Eur J Pharmacol. 2001 May 18;420(1):33-43.
Anxiolytic effects of aniracetam in three different mouse models of anxiety and the underlying mechanism.

Nakamura K, Kurasawa M.

CNS Supporting Laboratory, Nippon Roche Research Center, 200 Kajiwara, Kamakura, 247-8530, Kanagawa, Japan. kazuo.nakmura@roche.com

The anxiolytic effects of aniracetam have not been proven in animals despite its clinical usefulness for post-stroke anxiety. This study, therefore, aimed to characterize the anxiolytic effects of aniracetam in different anxiety models using mice and to examine the mode of action. In a social interaction test in which all classes (serotonergic, cholinergic and dopaminergic) of compounds were effective, aniracetam (10-100 mg/kg) increased total social interaction scores (time and frequency), and the increase in the total social interaction time mainly reflected an increase in trunk sniffing and following. The anxiolytic effects were completely blocked by haloperidol and nearly completely by mecamylamine or ketanserin, suggesting an involvement of nicotinic acetylcholine, 5-HT2A and dopamine D2 receptors in the anxiolytic mechanism. Aniracetam also showed anti-anxiety effects in two other anxiety models (elevated plus-maze and conditioned fear stress tests), whereas diazepam as a positive control was anxiolytic only in the elevated plus-maze and social interaction tests. The anxiolytic effects of aniracetam in each model were mimicked by different metabolites (i.e., p-anisic acid in the elevated plus-maze test) or specific combinations of metabolites. These results indicate that aniracetam possesses a wide range of anxiolytic properties, which may be mediated by an interaction between cholinergic, dopaminergic and serotonergic systems. Thus, our findings suggest the potential usefulness of aniracetam against various types of anxiety-related disorders and social failure/impairments.

[magr]

In Russia they prescribe Phenibut for anxiety. It comes in 250mg caps.
The dosages usually prescribed are 1/2 - 2 caps daily (125-500mg) as far as I understand.
I once took 600mg Phenibut for about 14 days in a row and I got withdrawal from it.
People are different ofcourse.

[LifeMirage]

I would absolutely NOT take Phenibut on a daily basis! It will lead to bad withdrawal when you stop taking it.
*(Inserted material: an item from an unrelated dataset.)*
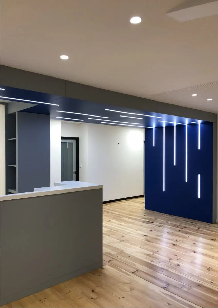 Pour ce projet, nous avons conçu un espace d’accueil sur mesure pour une industrie, comprenant une banque d’accueil élégante, un faux plafond avec éclairage LED intégré et la pose d’un parquet massif. Ce projet visait à transformer l’accueil en un espace à la fois professionnel et accueillant, en mettant l’accent sur des matériaux durables et un design moderne.

Where have you gotten this info on Phenibut from LifeMirage?

I would only take Phenibut on stressful occasions. A couple of times a month. Tolerance builds quickly.
I would not call it a nootropic per se, more of a stress-reliever.
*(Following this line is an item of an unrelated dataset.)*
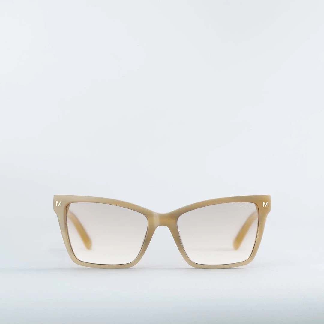 With a subtle cat-eye shape and sharp-edged frame, Sally hits the mark at all angles. Handcrafted from the most environmentally friendly and highest-quality acetate on the market today to ensure your frames will not only last but be kind to the planet as well. Adorned with a gold Machete logo and hardware as well as a ring for your eyeglass chain at the temples.
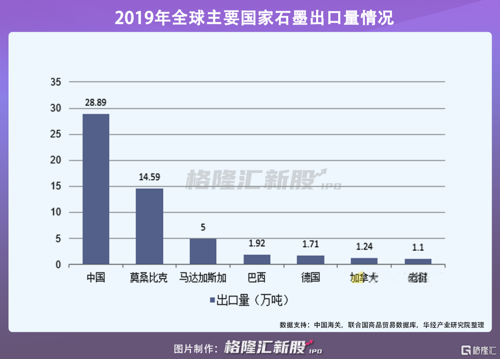 据统计,2019年中国石墨产量为125万吨,占全球产量的74.6%。以28.89万吨的出口量占世界第一,占世界石墨出口量的52.7%。

1. There are no studies on Medline I've seen showing or suggusting tolerance or withdraw.
2. I've given 200-400 mg to patients on a regular basis with increases as needed without problems, some people in my experience have seen a drop in GABA 1-2 after (causing what can be called withdraw) after taking 2-4 Grams at once. Taking theanine can correct orm prevent this in most cases.
3. Phenibut although having neuroprotective effects and may be helping for learning may not fit what most people consider a nootropic.